Si les lois ne donnaient point de priviléges aux auteurs de découvertes, les hommes qui croiraient avoir trouvé le moyen de produire une chose utile, jusqu'alors inconnue, ne seraient pas dans une position différente de ceux qui se proposent d'établir un art ou un commerce depuis long-temps connus, dans un lieu où ils n'existent pas encore. Les uns et les autres ont des frais plus ou moins considérables à faire et des chances de perte à courir; les premiers, comme les seconds, jugent de la bonté de leur entreprise par les bénéfices qu'ils en attendent, et non par les avantages que le public en pourra retirer. Il y a peut-être plus de gens qui se sont ruinés en essayant d'achalander une nouvelle boutique, ou en établissant une nouvelle manufacture de produits connus depuis long-temps, qu'en faisant des essais pour obtenir des produits d'une nouvelle espèce. C'est à chacun à bien faire

ses calculs, avant que de se livrer à des expériences dispendieuses.

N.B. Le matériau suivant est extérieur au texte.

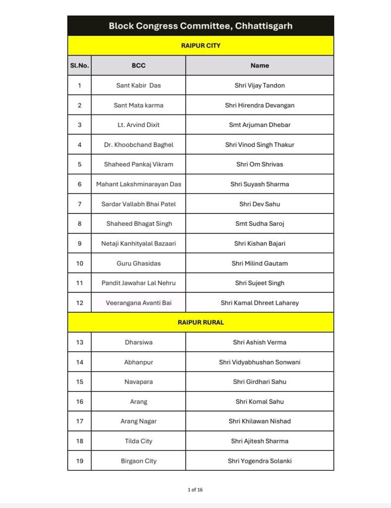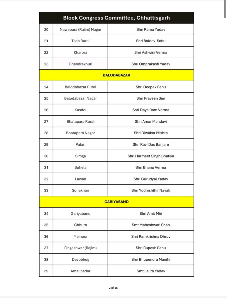 रायपुर:-छत्तीसगढ़ प्रदेश कांग्रेस ने लम्बी कवायद और मंथन के बाद छत्तीसगढ़ के 307 ब्लॉक के लिए अध्यक्षों की सूची जारी कर दी है। आप भी देखें पूरी लिस्ट
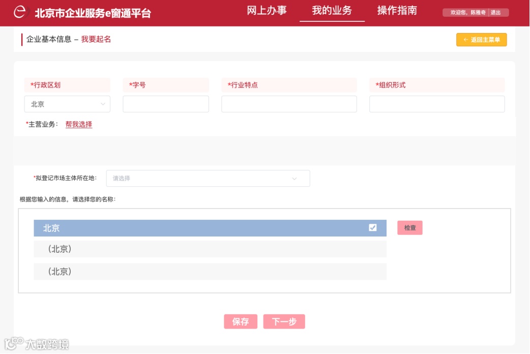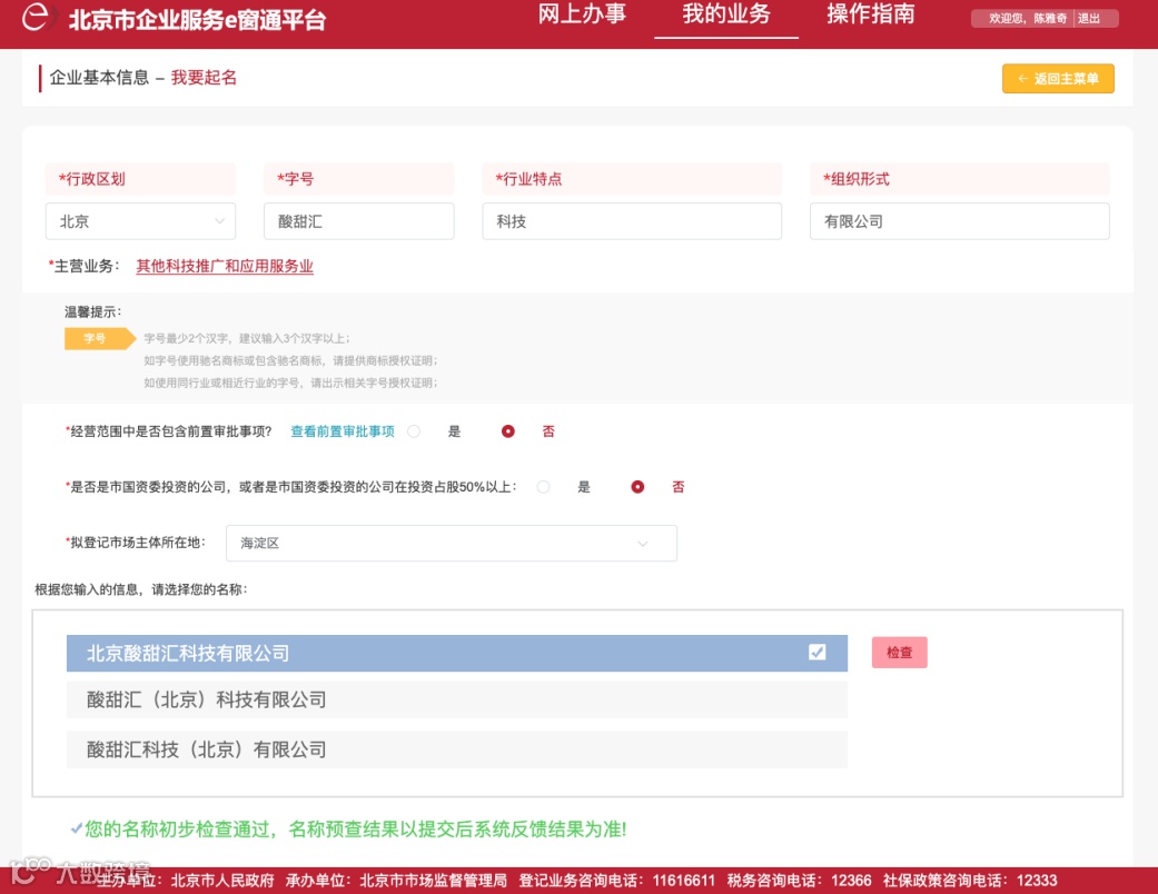 系统会对您提交的名称进行自动检索。
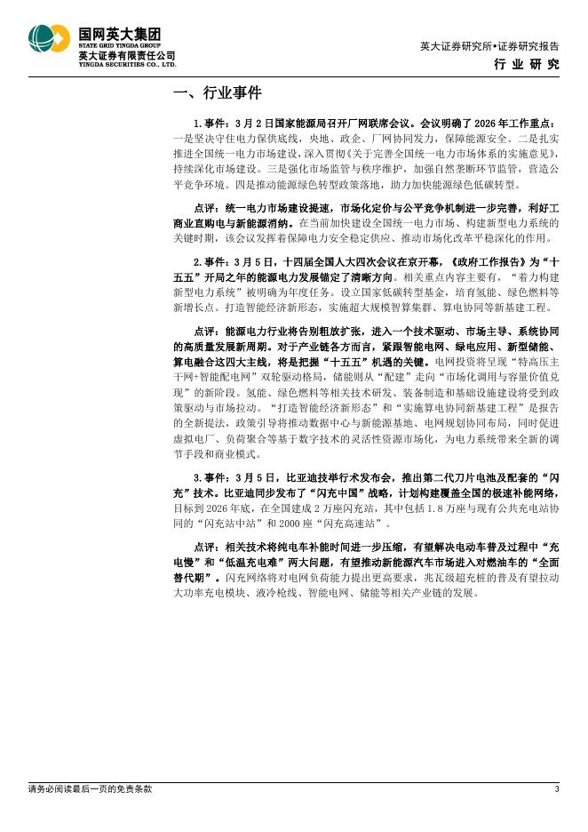 英大证券:电力能源行业周报
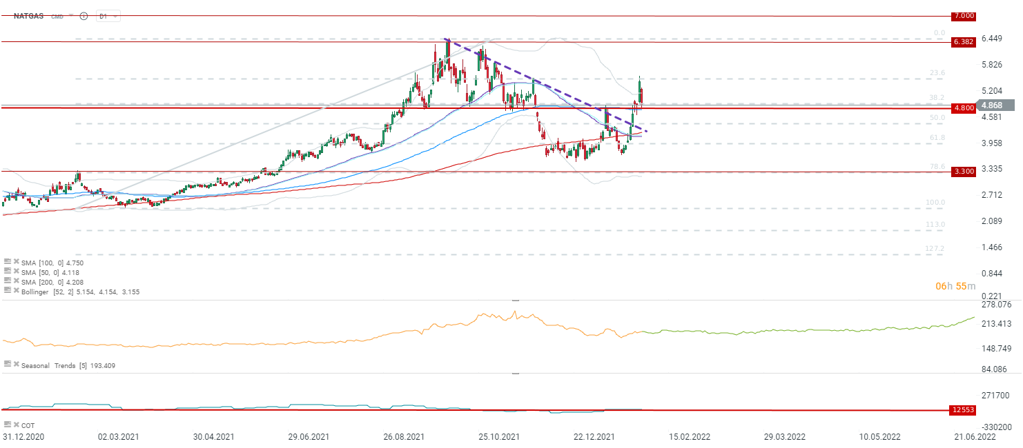 Gas en retirada tras el repunte de ayer frente a previsiones meteorológicas ligeramente mejores. Fuente: xStation5
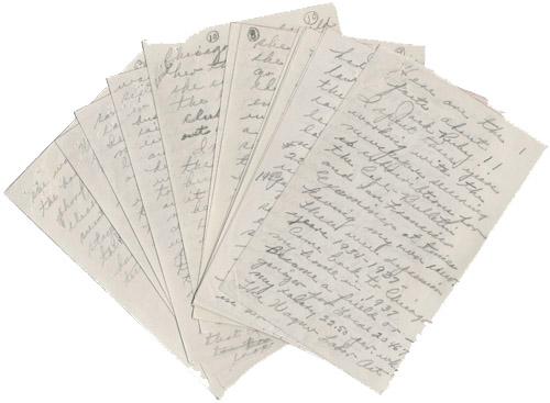 Autograph manuscript signed ''Jack Ruby'' in pencil on the first page of fourteen, accompanied by a notarized statement by Jack's brother Earl Ruby on 22 December 1992, that this is an ''autographed, unpublished, manuscript written by my brother Jack Ruby from jail at my request after Jack was convicted of murder and sentenced to death…The manuscript was to be used by Jack's lawyers if a new trial was granted to establish his character as not being capable of pre-meditated murder and that his act of November 24, 1963 was spontaneous and born of anguish and grief. A new trial was granted, but Jack died before the new trial could commence.'' In part, ''…Here are the facts about Jack Ruby!! I spent three years working with the newspapers securing subscriptions for the Call-Bulletin and San Francisco Examiner at times having my own crew. These were depression years 1934-1937. Came back to Chicago my home in 1937. Became a field organizer for Local 20467 my salary 22.50 per wk. The Wagner Labor Act had just become a law in 1937, and thought this is what the country was for, legitimate organized labor. My checks never had gone over $22.50. I left the union the latter 1940 part of 1939-Voluntarily...'' 4'' x 6'' pages in excellent condition with very legible writing.
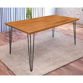 Características - Formato: Retangular - Material do Tampo: Madeira Maciça - Material dos Pés: Ferro - Acabamento dos Pés: Pintura Epóxi Eletrostática
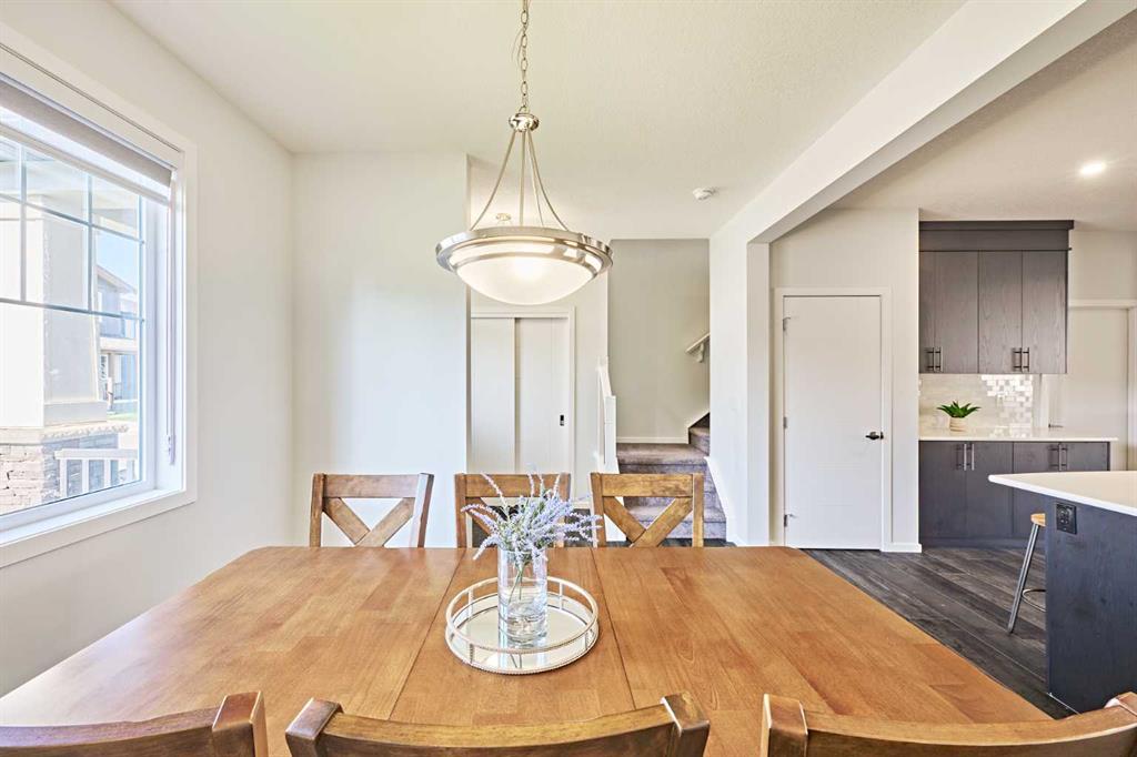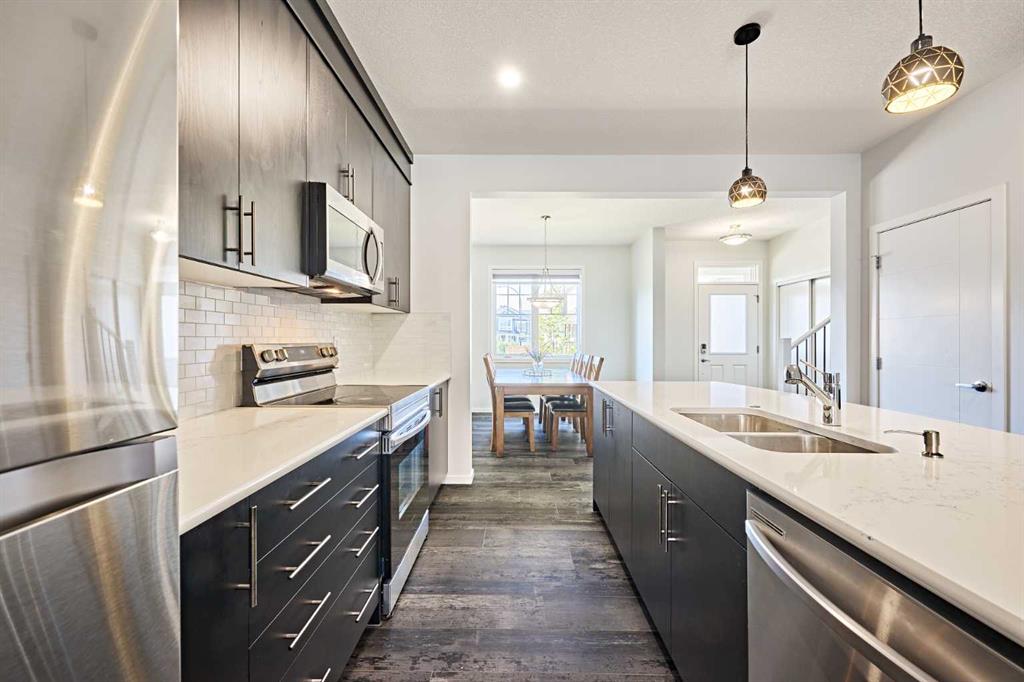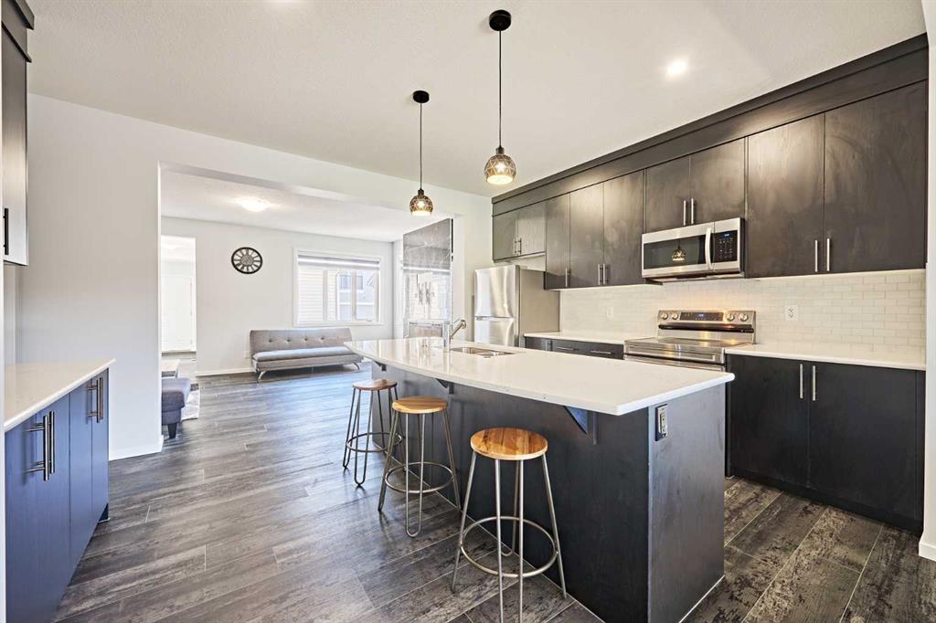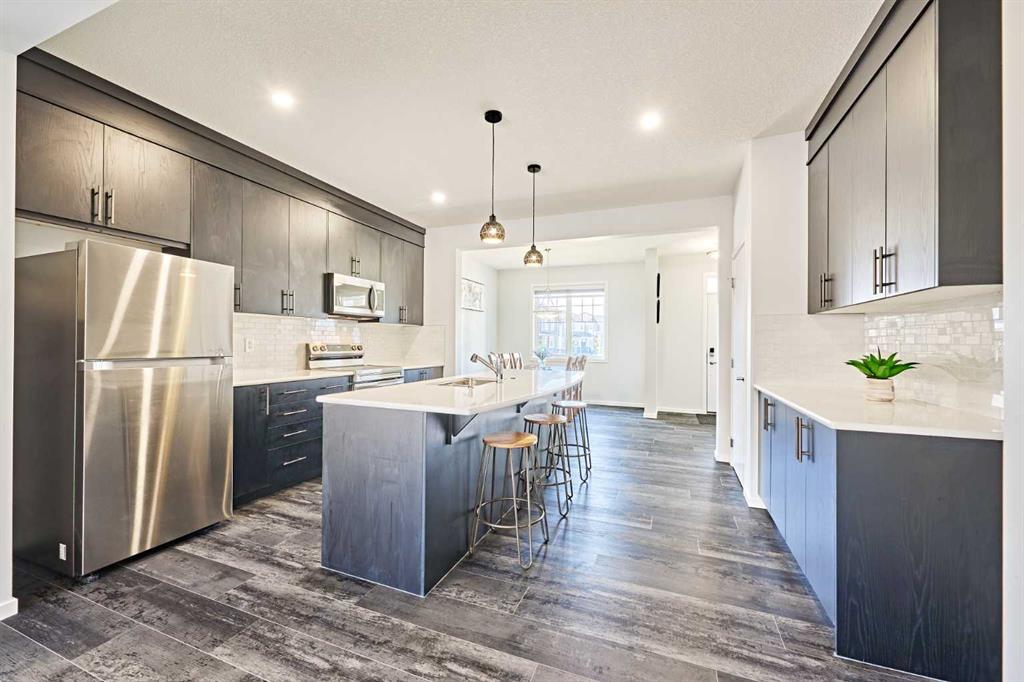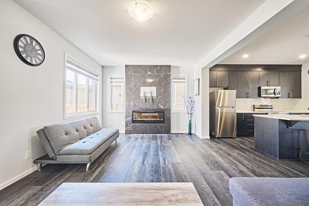 Step through the porch into a spacious front entry, complete with a large closet — perfect for coats and shoes. From there, you're welcomed into a bright open-concept main floor that seamlessly connects the living room, dining area, and a stunning kitchen featuring a huge quartz island, ceiling-height cabinets, and a custom backsplash. The living room showcases a sleek dark-themed feature TV wall with an electric fireplace, adding a modern and elegant touch.
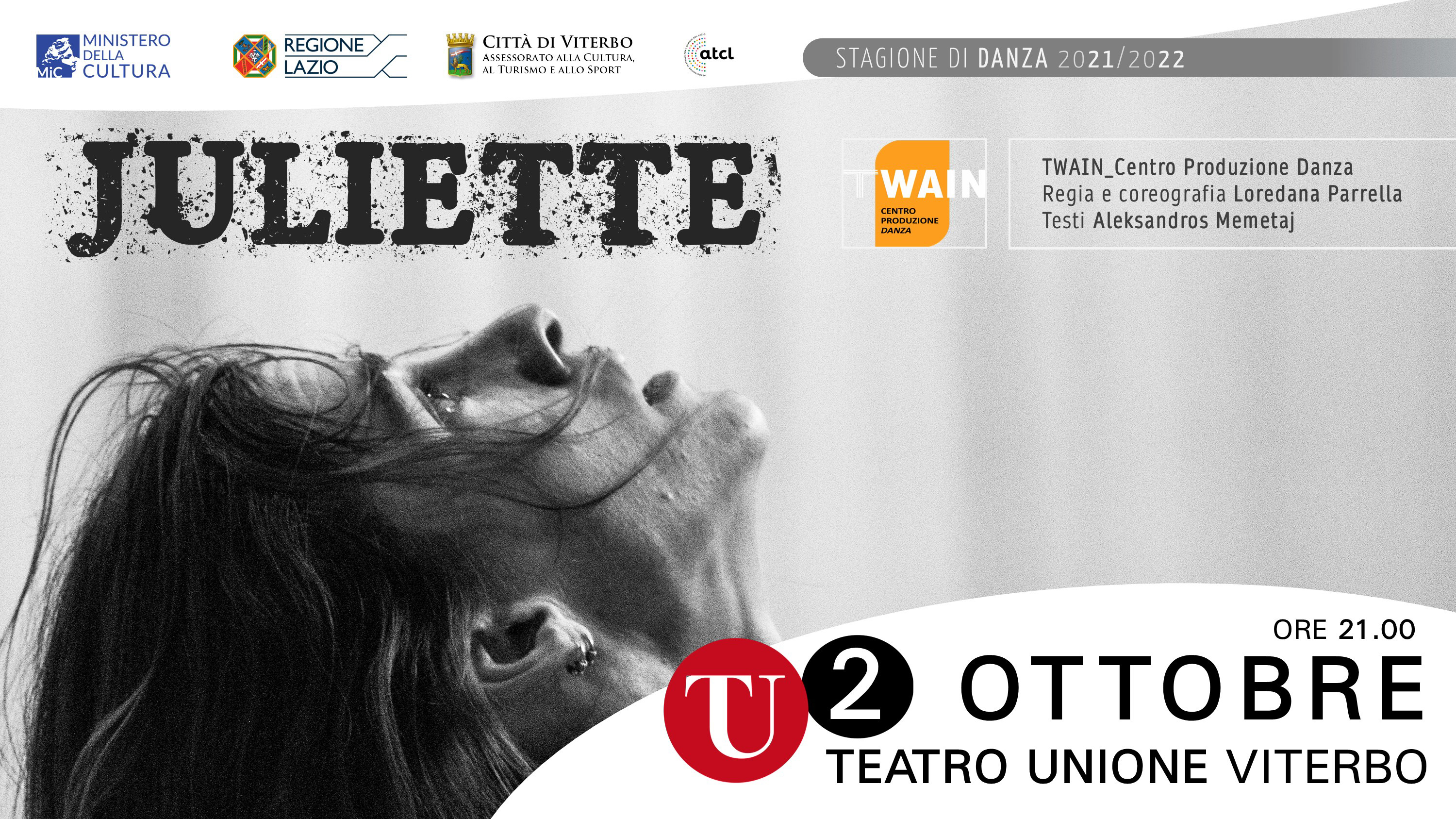 Riapre al pubblico il Teatro dell’Unione con lo spettacolo di danza contemporanea – sospeso per la pandemia – Juliette di Twain Centro Produzione Danza il 2 ottobre ore 21.00, grazie alla collaborazione tra il Comune di Viterbo e ATCL – Circuito multidisciplinare del Lazio sostenuto da Regione Lazio e Mic – Ministero della Cultura.

Du moment qu'une loi a promis à l'auteur d'une invention de lui en garantir la jouissance exclusive pendant un temps déterminé, toute découverte faite et constatée sous l'empire de cette même loi, devient la propriété de celui qui en est l'auteur pour le temps qui a été fixé. L'inventeur, dans ce cas, peut dire que, si on ne lui avait garanti aucun privilége, il ne se serait pas livré à des essais; qu'il n'aurait pas pris certains engagemens; qu'il ne serait pas entré dans la carrière où on l'a poussé par l'appât d'une récompense. L'abrogation d'une loi qui aurait garanti à un inventeur la jouissance exclusive de sa découverte pendant un temps donné, ne saurait donc avoir d'effet que pour les inventions futures. Elle porterait réellement atteinte à la propriété si elle agissait sur les découvertes faites avant sa promulgation.

L'influence des priviléges accordés aux inventeurs sur les progrès de l'industrie, est loin d'être aussi grande que quelques personnes l'ont imaginé. Il est un grand nombre de connaissances qui ont fait, en peu de temps, d'immenses progrès sans le secours des monopoles. Toutes les branches des sciences physiques et mathématiques ont, depuis un demi-siècle, devancé dans leur développement

les progrès des arts industriels. Quelques branches des sciences morales sont aussi beaucoup plus avancées qu'elles ne l'étaient au commencement de notre première révolution. Cependant, les savans n'ont pas été encouragés par l'appât des priviléges.

Dans les considérans de son décret, l'assemblée constituante dit que le défaut d'une déclaration positive et authentique, sur la propriété des inventions, peut avoir contribué jusqu'à présent à décourager l'industrie française, en occasionnant l'émigration de plusieurs artistes distingués, et en faisant passer à l'étranger un grand nombre d'inventions nouvelles; mais personne ne s'est donné la peine de faire voir, par un examen approfondi des faits, quelles ont été les conséquences de la liberté la plus entière, ou des priviléges accordés aux inventions; le motif de l'assemblée constituante n'est donc qu'une supposition que rien ne justifie. Si des artistes distingués avaient porté leurs découvertes en Angleterre pour y jouir d'un monopole, ces découvertes auraient dû y être publiées pour y être mises en pratique; et elles auraient pu, par conséquent, être sur-le-champ réimportées en France. L'absence de tout monopole ne pouvait donc pas causer un grand dommage à l'industrie française.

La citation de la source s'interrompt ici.